How to Build a Production-Ready Token Bucket Rate Limiter in Go with Redis and HTTP Middleware

Learn to build a production-ready rate limiter in Go using token bucket algorithm with Redis, middleware integration, and comprehensive testing strategies.

Dec 4, 2025

How to Build a Production-Ready Token Bucket Rate Limiter in Go with Redis and HTTP Middleware

Have you ever watched a service buckle under unexpected traffic? I have, and it’s not pretty. That moment when your API starts slowing down or, worse, crashes because too many requests hit it at once—it’s a wake-up call. That’s why I spent time figuring out how to build a solid rate limiter in Go. It’s not just about stopping abuse; it’s about ensuring fairness, controlling costs, and keeping your systems reliable. If you’re building anything that others depend on, this is a skill you need. Let’s get into how to make it production-ready.

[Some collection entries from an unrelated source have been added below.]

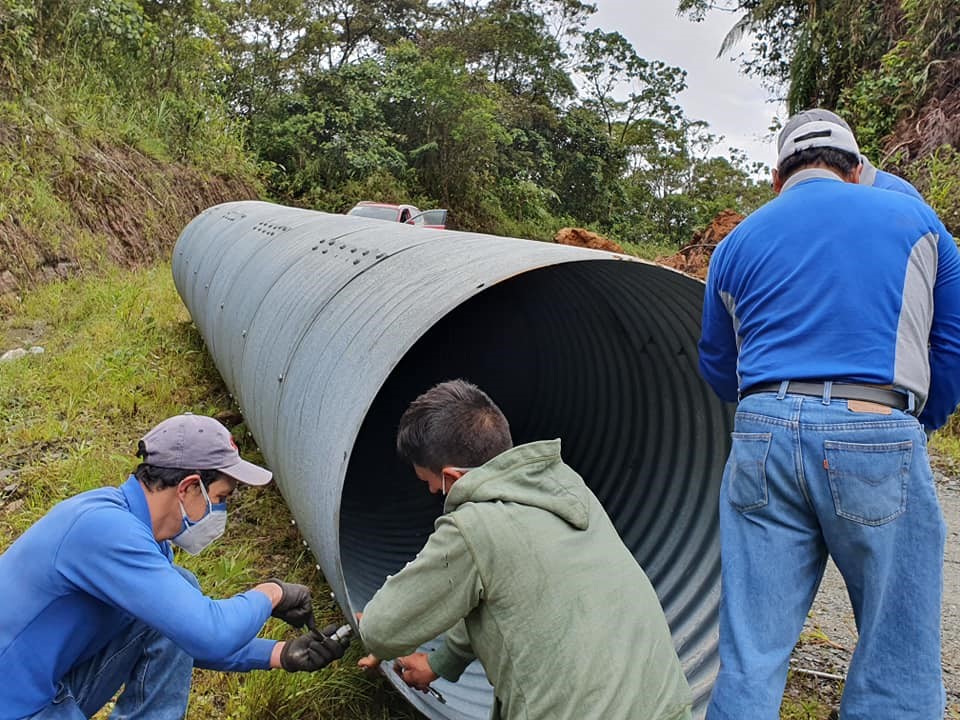 El trabajo mancomunado, permite alcanzar grandes metas. Personal del GADBAS, apoyando en el armazón de los ármicos metálicos (Sector Las Estancias).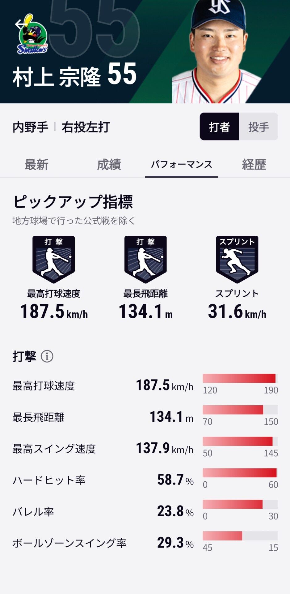 8 名無し、心つなげよう 2025年10月22日 11:55 id:vUcZcYdT0スイングスピードの平均とかも知りたいな、安田ドン詰まりのイメージもあるし。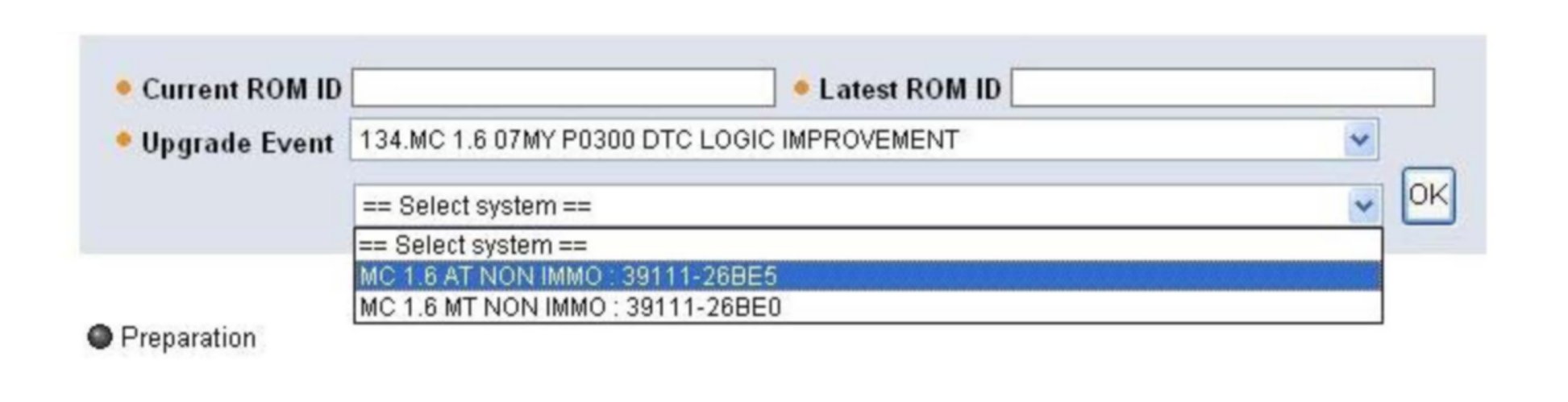 7. After the Current ROM ID is displayed, select the Update Event, "134. MC 1.6 07MY P0300 DTC LOGIC IMPROVEMENT."

Why start with the token bucket algorithm? Think of it like a literal bucket. It holds tokens, say up to 10, representing requests you can handle immediately. New tokens drip in steadily, say 5 per second, refilling the bucket. When a request comes, it takes a token. If tokens are available, the request goes through. If not, it waits or gets rejected. This approach is brilliant because it allows short bursts of traffic—mimicking real-world usage—while smoothing out the flow over time. Isn’t it fascinating how a simple concept can prevent so many headaches?

I wanted something that works fast and handles multiple users at the same time. Go’s concurrency features are perfect for this. Let’s look at the heart of the implementation. We need a struct to manage the bucket state safely.

type TokenBucket struct {
    capacity   float64
    tokens     float64
    refillRate float64
    lastRefill time.Time
    mu         sync.Mutex
}

Here, capacity is the max tokens for bursts, tokens is the current count, and refillRate sets how quickly we add tokens. The mu mutex is key—it prevents race conditions when many goroutines try to access the bucket simultaneously. Why is that important? Without it, you could end up with inconsistent token counts, leading to too many or too few requests being allowed.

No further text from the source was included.